● WHAT IS NEEDED: Before repeating the entries below, strip out every picture and keep all else as it is.

● Stored entries:
Start of Block
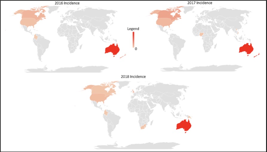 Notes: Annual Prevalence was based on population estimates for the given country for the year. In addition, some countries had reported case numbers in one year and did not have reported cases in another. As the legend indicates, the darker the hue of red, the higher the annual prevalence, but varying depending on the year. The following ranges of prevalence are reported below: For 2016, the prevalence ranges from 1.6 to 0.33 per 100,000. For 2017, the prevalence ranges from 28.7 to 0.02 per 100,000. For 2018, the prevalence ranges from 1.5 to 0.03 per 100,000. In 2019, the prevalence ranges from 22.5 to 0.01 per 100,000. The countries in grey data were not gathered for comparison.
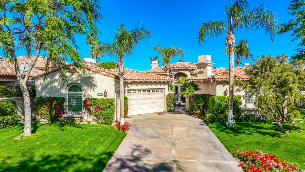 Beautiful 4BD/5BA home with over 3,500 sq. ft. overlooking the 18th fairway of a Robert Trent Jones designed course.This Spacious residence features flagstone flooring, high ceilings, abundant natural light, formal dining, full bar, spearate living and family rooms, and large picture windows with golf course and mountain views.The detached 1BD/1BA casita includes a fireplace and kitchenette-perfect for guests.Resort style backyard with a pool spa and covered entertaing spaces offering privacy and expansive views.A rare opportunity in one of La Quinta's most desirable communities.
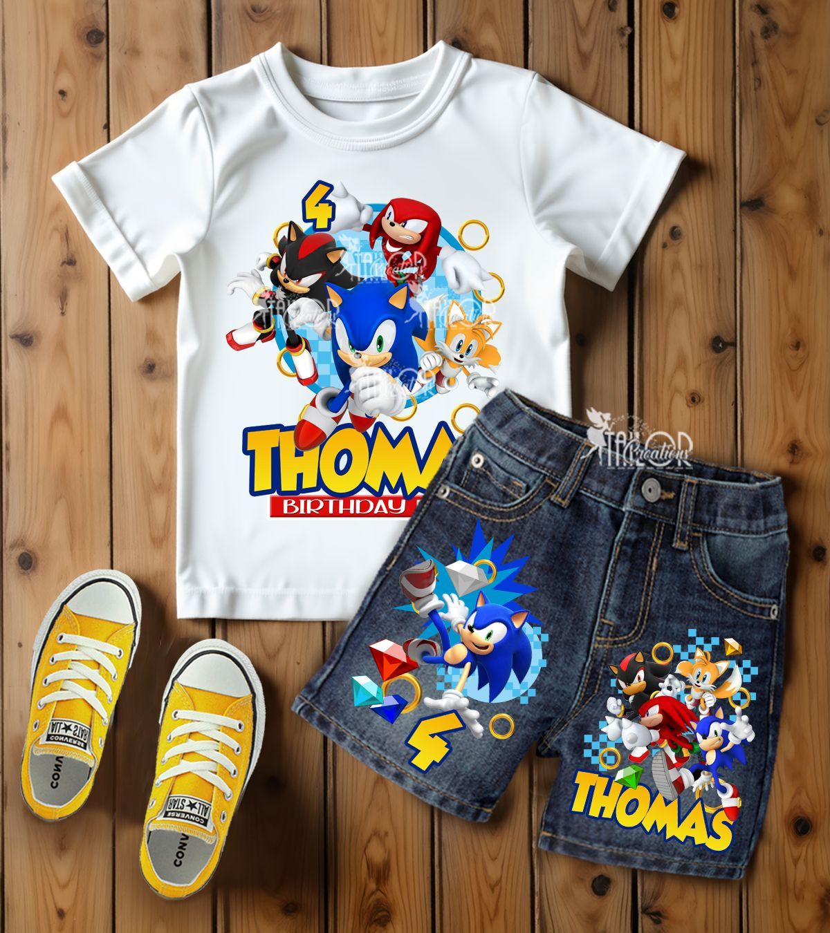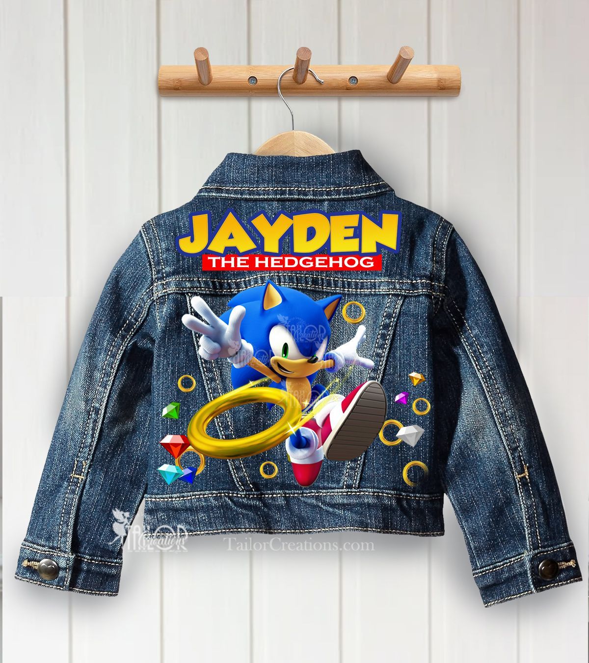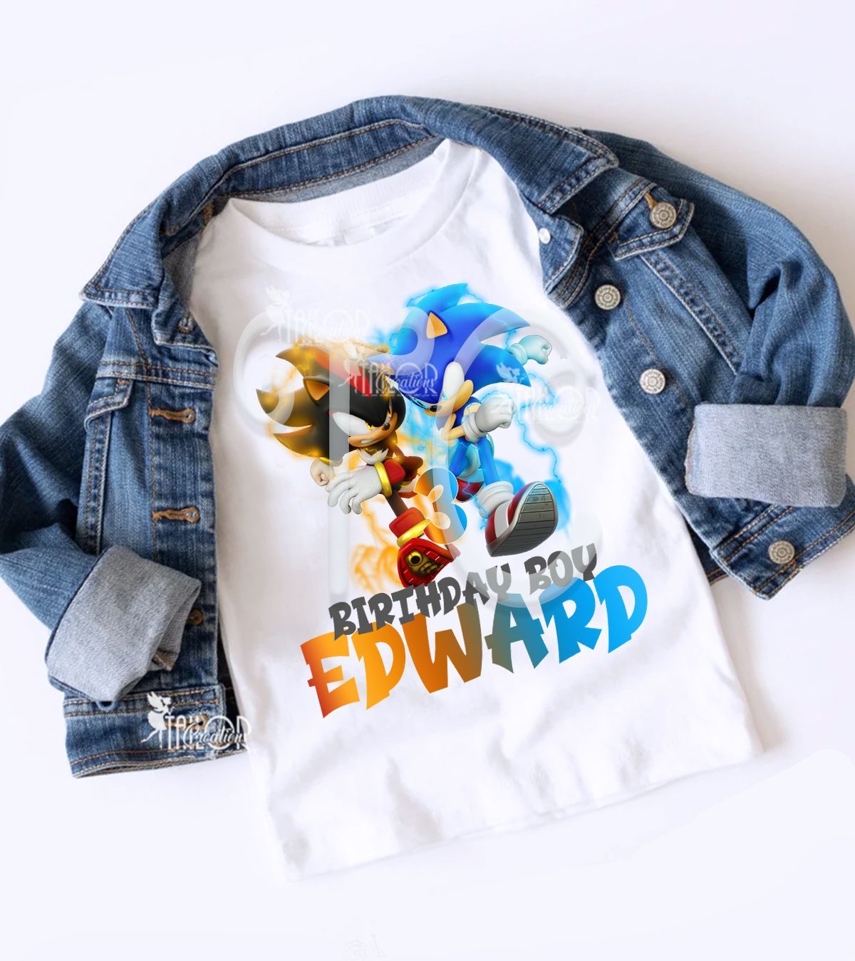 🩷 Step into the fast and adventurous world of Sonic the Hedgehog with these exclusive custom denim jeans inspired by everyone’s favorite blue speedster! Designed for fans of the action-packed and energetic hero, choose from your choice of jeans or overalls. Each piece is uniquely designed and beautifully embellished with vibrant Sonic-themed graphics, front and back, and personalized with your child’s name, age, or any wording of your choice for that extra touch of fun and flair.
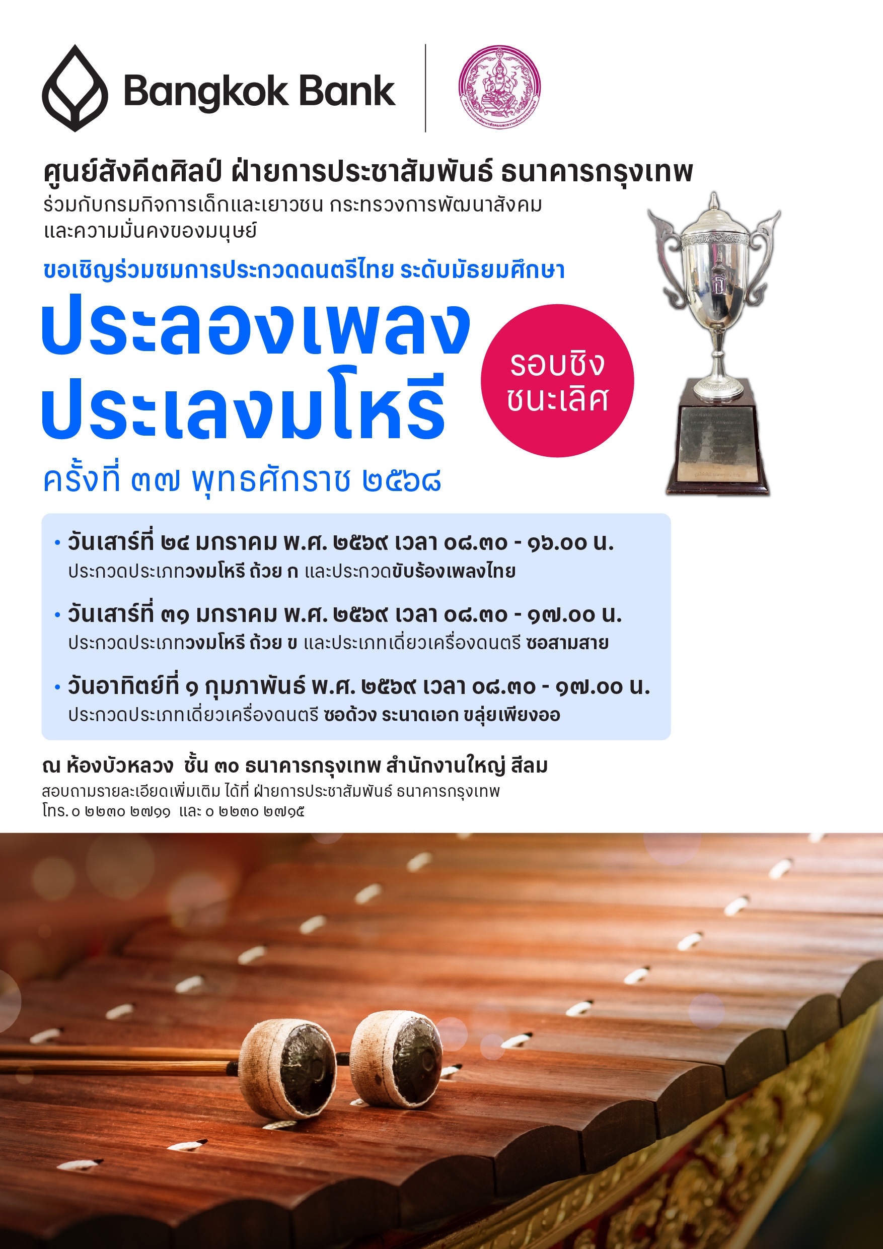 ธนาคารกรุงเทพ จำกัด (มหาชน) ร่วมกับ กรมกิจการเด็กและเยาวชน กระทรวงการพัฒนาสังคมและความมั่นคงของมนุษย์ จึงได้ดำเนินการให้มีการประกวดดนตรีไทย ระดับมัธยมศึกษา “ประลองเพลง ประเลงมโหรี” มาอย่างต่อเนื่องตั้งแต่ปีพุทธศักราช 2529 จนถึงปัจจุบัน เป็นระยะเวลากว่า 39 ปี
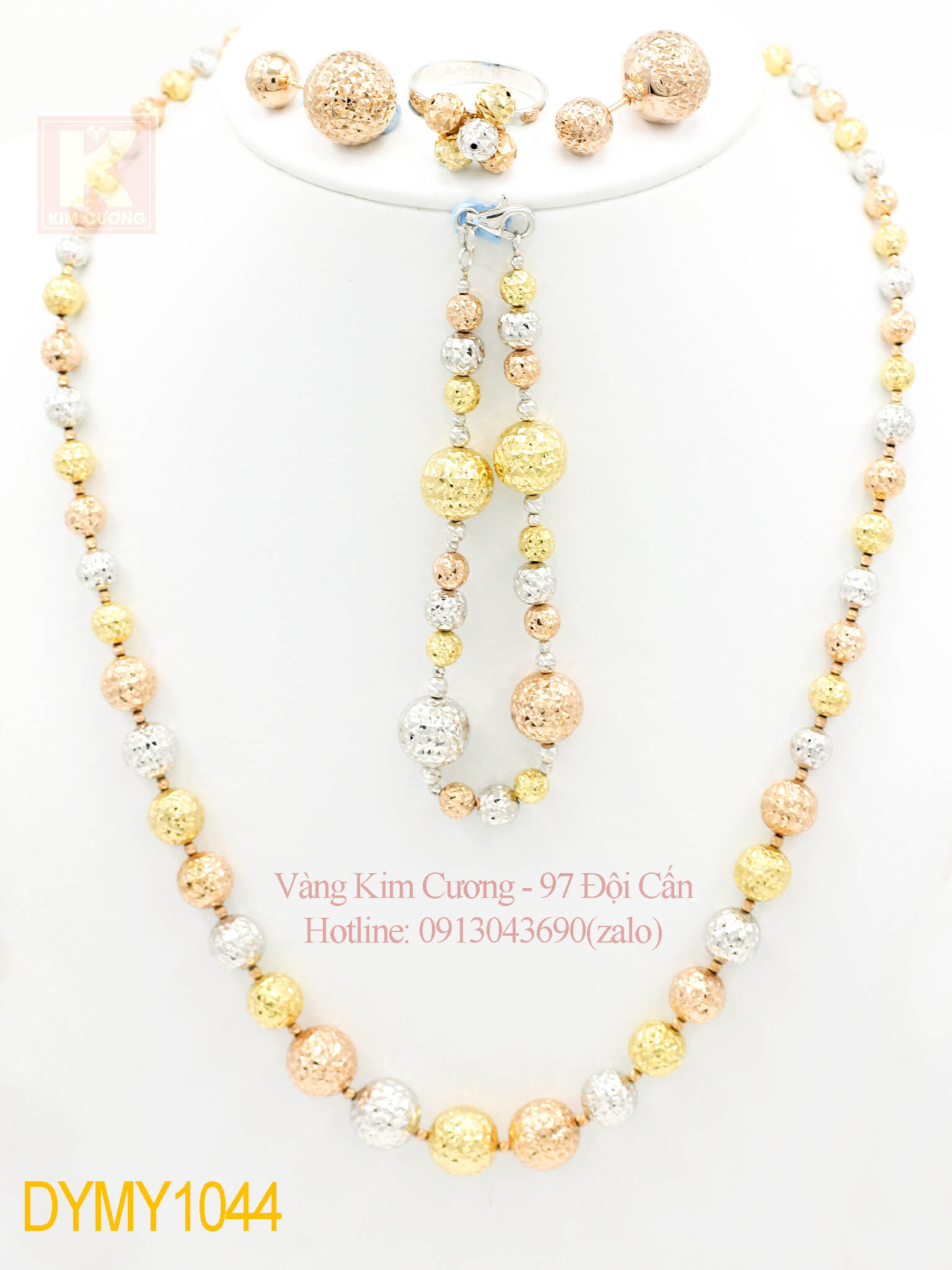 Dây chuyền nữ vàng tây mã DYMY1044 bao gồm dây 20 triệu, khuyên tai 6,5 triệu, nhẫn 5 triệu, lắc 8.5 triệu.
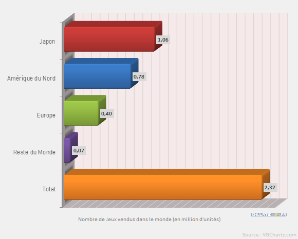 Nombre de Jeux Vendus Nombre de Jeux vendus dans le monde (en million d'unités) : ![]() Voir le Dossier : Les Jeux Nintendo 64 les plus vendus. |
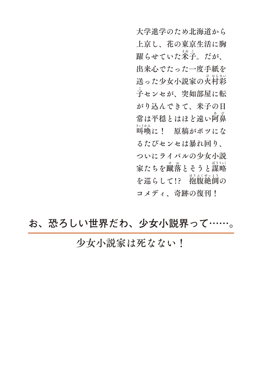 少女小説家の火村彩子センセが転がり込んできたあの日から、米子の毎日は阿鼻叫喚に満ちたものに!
End of Block
● EXERCISE SOLUTION:
 Notes: Annual Prevalence was based on population estimates for the given country for the year. In addition, some countries had reported case numbers in one year and did not have reported cases in another. As the legend indicates, the darker the hue of red, the higher the annual prevalence, but varying depending on the year. The following ranges of prevalence are reported below: For 2016, the prevalence ranges from 1.6 to 0.33 per 100,000. For 2017, the prevalence ranges from 28.7 to 0.02 per 100,000. For 2018, the prevalence ranges from 1.5 to 0.03 per 100,000. In 2019, the prevalence ranges from 22.5 to 0.01 per 100,000. The countries in grey data were not gathered for comparison.
 Beautiful 4BD/5BA home with over 3,500 sq. ft. overlooking the 18th fairway of a Robert Trent Jones designed course.This Spacious residence features flagstone flooring, high ceilings, abundant natural light, formal dining, full bar, spearate living and family rooms, and large picture windows with golf course and mountain views.The detached 1BD/1BA casita includes a fireplace and kitchenette-perfect for guests.Resort style backyard with a pool spa and covered entertaing spaces offering privacy and expansive views.A rare opportunity in one of La Quinta's most desirable communities.
 🩷 Step into the fast and adventurous world of Sonic the Hedgehog with these exclusive custom denim jeans inspired by everyone’s favorite blue speedster! Designed for fans of the action-packed and energetic hero, choose from your choice of jeans or overalls. Each piece is uniquely designed and beautifully embellished with vibrant Sonic-themed graphics, front and back, and personalized with your child’s name, age, or any wording of your choice for that extra touch of fun and flair.
 ธนาคารกรุงเทพ จำกัด (มหาชน) ร่วมกับ กรมกิจการเด็กและเยาวชน กระทรวงการพัฒนาสังคมและความมั่นคงของมนุษย์ จึงได้ดำเนินการให้มีการประกวดดนตรีไทย ระดับมัธยมศึกษา “ประลองเพลง ประเลงมโหรี” มาอย่างต่อเนื่องตั้งแต่ปีพุทธศักราช 2529 จนถึงปัจจุบัน เป็นระยะเวลากว่า 39 ปี
 Dây chuyền nữ vàng tây mã DYMY1044 bao gồm dây 20 triệu, khuyên tai 6,5 triệu, nhẫn 5 triệu, lắc 8.5 triệu.
 Nombre de Jeux Vendus Nombre de Jeux vendus dans le monde (en million d'unités) : ![]() Voir le Dossier : Les Jeux Nintendo 64 les plus vendus. |
 少女小説家の火村彩子センセが転がり込んできたあの日から、米子の毎日は阿鼻叫喚に満ちたものに!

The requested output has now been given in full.